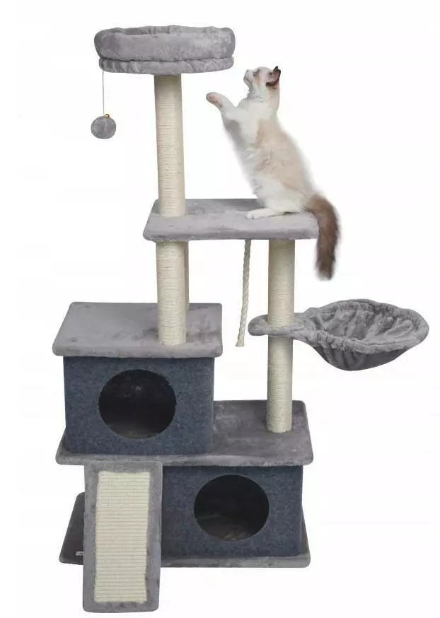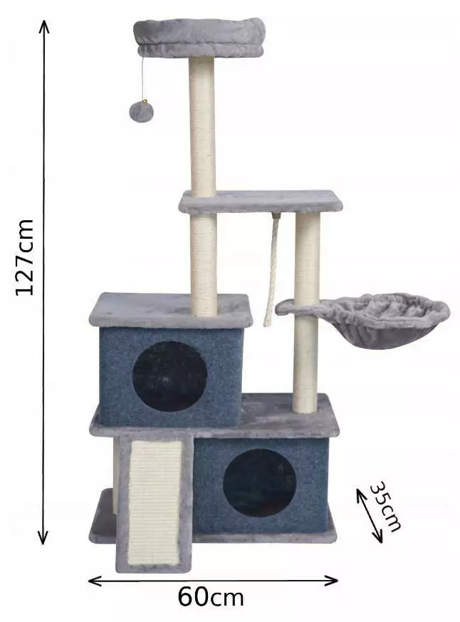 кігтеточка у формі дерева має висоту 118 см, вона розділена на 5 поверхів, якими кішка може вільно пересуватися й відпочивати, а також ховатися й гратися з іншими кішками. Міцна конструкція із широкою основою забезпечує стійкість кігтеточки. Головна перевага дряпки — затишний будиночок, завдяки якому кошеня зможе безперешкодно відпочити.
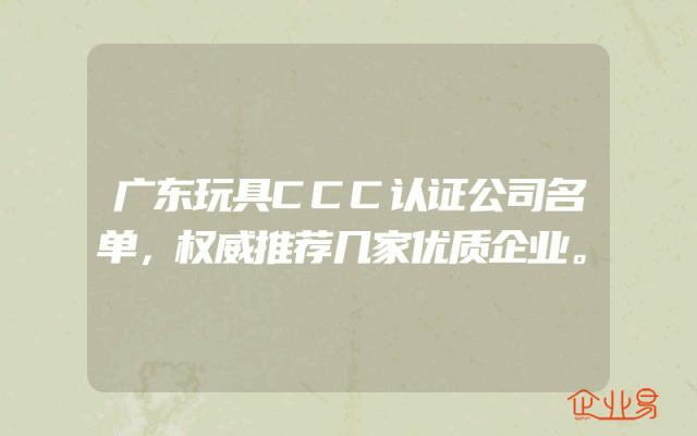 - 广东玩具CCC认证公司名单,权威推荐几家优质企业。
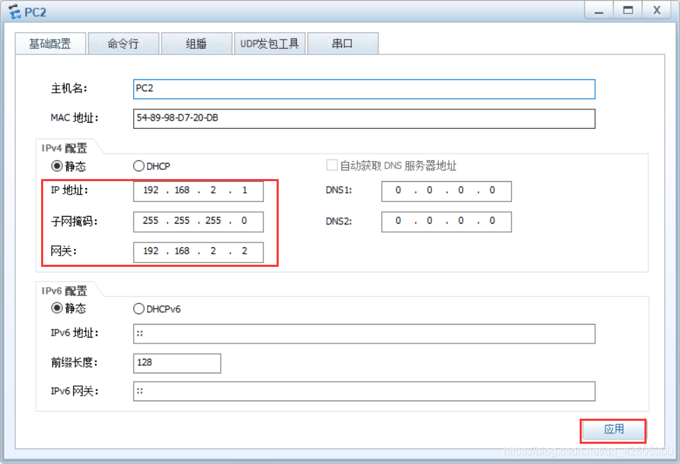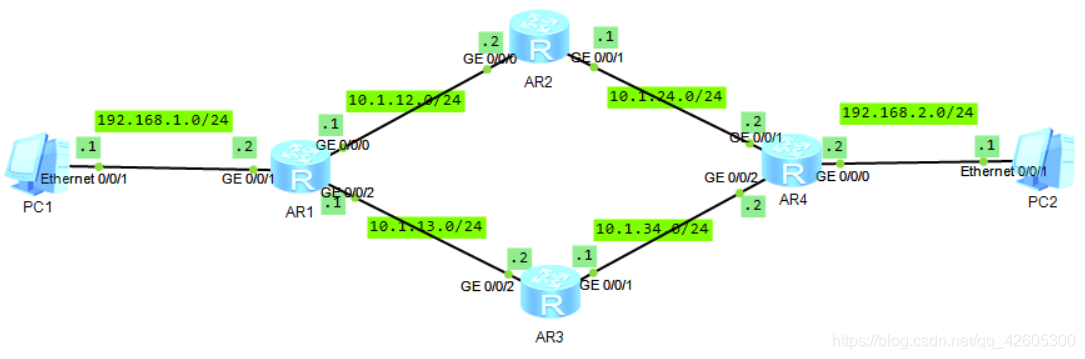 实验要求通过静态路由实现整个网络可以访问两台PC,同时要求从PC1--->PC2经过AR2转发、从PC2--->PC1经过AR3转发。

■ ■ ■ ■ ■

Work order: Whenever images occur above, omit them and retype each line exactly as it stands.

Answer for this exercise:
 кігтеточка у формі дерева має висоту 118 см, вона розділена на 5 поверхів, якими кішка може вільно пересуватися й відпочивати, а також ховатися й гратися з іншими кішками. Міцна конструкція із широкою основою забезпечує стійкість кігтеточки. Головна перевага дряпки — затишний будиночок, завдяки якому кошеня зможе безперешкодно відпочити.
 - 广东玩具CCC认证公司名单,权威推荐几家优质企业。
 实验要求通过静态路由实现整个网络可以访问两台PC,同时要求从PC1--->PC2经过AR2转发、从PC2--->PC1经过AR3转发。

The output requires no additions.